I started this route at Bear Mountain and headed south on 9W, be sure to make the left where 9W splits from rt303. From there it goes into and around Rockland Lake SP. At the top of the hill in the back of the lake make a left (pass a small firehouse) and head down the hill. This will lead to a packed cinder (think high school track) trail that follows along the banks of the Hudson River and ends in Nyack each SP. Exit the park and follow Broadway into Nyack, maybe stop at the Runcible Spoon (you can't miss it). Through downtown Nyack and at the blinking light make a left (Comelison Ave.) Right onto Piermont Ave. and follow that into Piermont (you can detour out to the end of the pier there). Exit Piermont and make a left onto Rockand Rd., nice climb past Tallman Mtn. SP and ending at 9W.
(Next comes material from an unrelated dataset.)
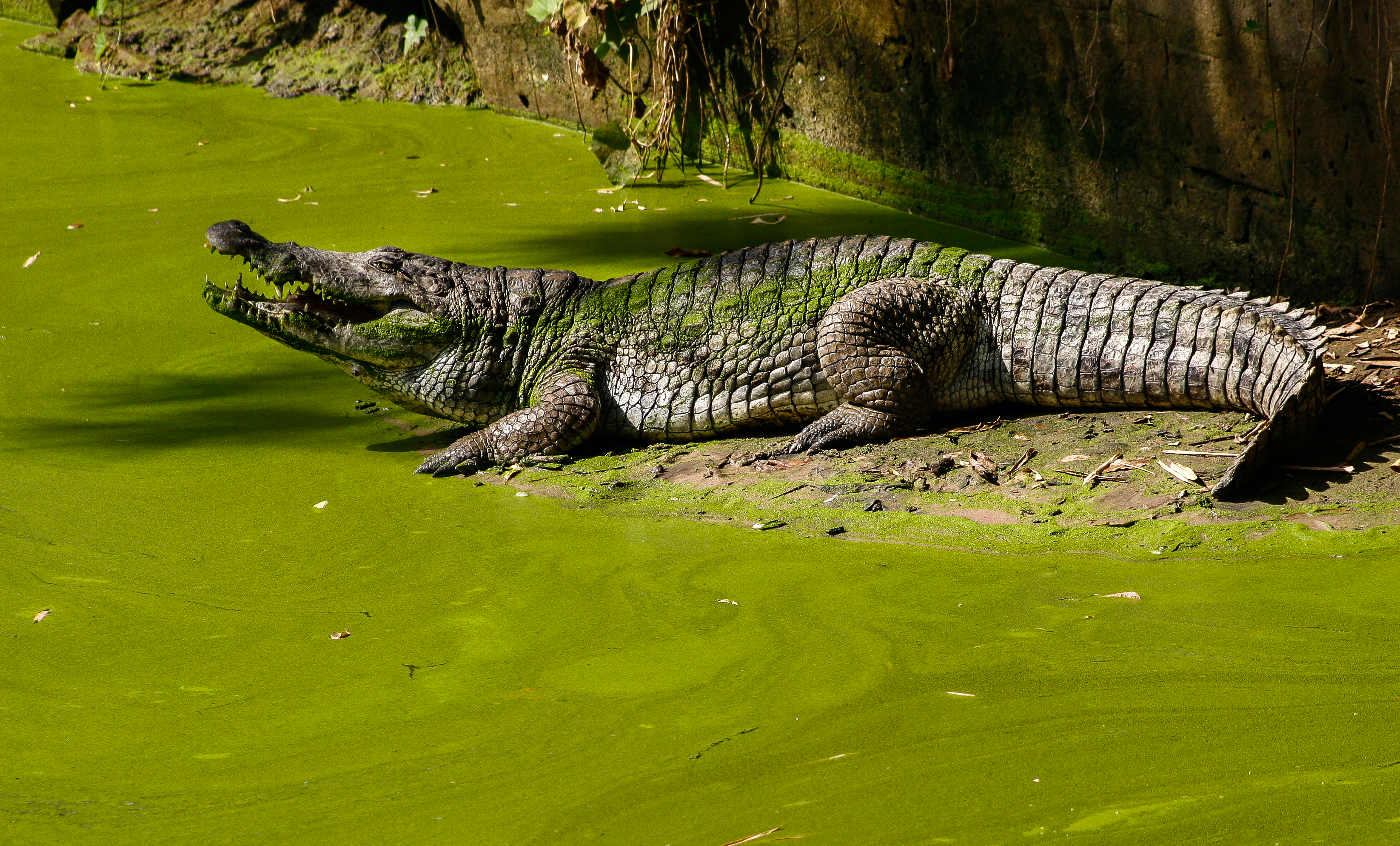 untitled (3 of 1)

I'm not sure of your ultimate destination from there. If you make a left on 9W it continues south. Later I will make another route that detours into Harriman SP.


----------



## Mdeth1313 (Nov 1, 2001)

You may want to take note of the side route often used thru stony point. Gets you off 9W in a high traffic area. Coming south I know its a left turn past tompkins cove, but I havent lived nor ridden that route in at least 4 yrs, someone else may be able to offer help-- it takes you down by the river and marina and then back out-- much less stressful by cutting out those few miles of 9W.


----------



## MystA RavE (Aug 16, 2007)

I plan on doing this route this weekend starting from Brooklyn South and back this weekend...I hope I can make it all the way there and back. What are the conditions like on 9W? I assume it's a shoulder on a main road based on the posts. Is it a dedicated bike route?
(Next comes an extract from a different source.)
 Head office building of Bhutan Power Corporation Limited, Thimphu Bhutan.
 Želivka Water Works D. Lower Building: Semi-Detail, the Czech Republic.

Also...how do I get on the GW bridge if I'm going down the bike route on the west side? I've never seen an entrance around there.


Thanks!


----------



## ckelly49 (Jul 9, 2006)

MystA RavE said:


> I plan on doing this route this weekend starting from Brooklyn South and back this weekend...I hope I can make it all the way there and back. What are the conditions like on 9W? I assume it's a shoulder on a main road based on the posts. Is it a dedicated bike route?



IIRC correctly, there is a generous shoulder about 90% of the way. There is a few miles around Stony Point where there is no shoulder and it can get a little sketchy. 9W is pretty heavily travelled in that area with many small shopping centers lining the roadway; maybe 3 miles or so.


----------